For approved users, TISUS is available through Korp search interface and as a full dataset via a link that is sent to approved users. To get access, apply using this form: https://sunet.artologik.net/gu/swell.
The TISUS subcorpus is maintained at the University of Gothenburg, Språkbanken Text (https://spraakbanken.gu.se), as part of the SweLL infrastructure.

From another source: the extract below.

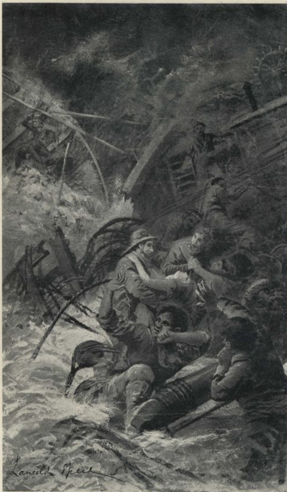
THE SHIP GAVE A SUDDEN ROLL AND CRASHED OVER HER BILGE.
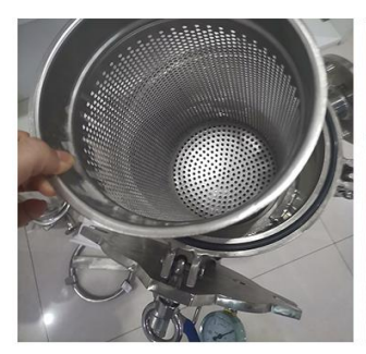
Stainless Steel mesh basket

(Version from 2016) Elena Volodina, Ildikó Pilán, Ingegerd Enström, Lorena Llozhi, Peter Lundkvist, Gunlög Sundberg, Monica Sandell. 2016. SweLL on the rise: Swedish Learner Language corpus for European Reference Level studies. Proceedings of LREC 2016, Slovenia. https://arxiv.org/pdf/1604.06583.pdf
(Version from 2021) The above article + updated statistics in this documentation. The major difference between the versions from 2016 and 2021 is that all attributes and the corresponding values (e.g. level, language names, etc) have been harmonized between several other learner subcorpora in the SweLL collection to make possible searches in several of them at the same time.
Personal data management: Essays were collected following a consent from the learners. The consent allows the use of essays for research by registered (approved) users. Handwritten essays were transcribed and manually anonymized by trained L2 specialists.

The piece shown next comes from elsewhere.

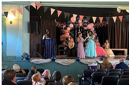
A full house for the pageant

Once upon a time (decades ago), Miss Baltimore was crowned in the Opera House. We are delighted that the tradition has been renewed. The Victoria hosted the Queens Pageant at the end of July, and all the entrants did a fantastic job. However, the winners of all three age groups are UNKNOWN as of press time. The results are announced on the first day of the Baltimore Festival. Congratulations to all who competed, and many thanks to last year's Queens and courts for all the help they have provided to the BDRC over the past year.

Mode/format: All essays were written in exam setting. Most of the essays were written by hand and were transcribed later by L2 specialists.

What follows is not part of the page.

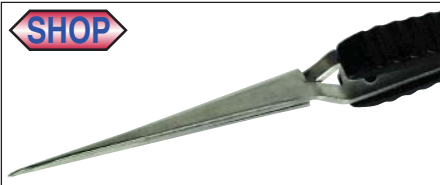
Long Straight Tweezers

Time constraints 150 minutes
No access to extra materials was allowed except handouts. However, no handouts are made available to corpus users (see details in Task Metadata).
CEFR levels are indicative only. They were assigned by mapping grades on the written assignment according to the following scheme: failed (i.e. grades 1-2) => B2, grades 3-5 => C1. This mapping was made based on the assumption that since the test was announced as equivalent to CEFR level C1, all “passed” students on the written assignment had competence of that level or higher. A more rigorous re-grading is left for future.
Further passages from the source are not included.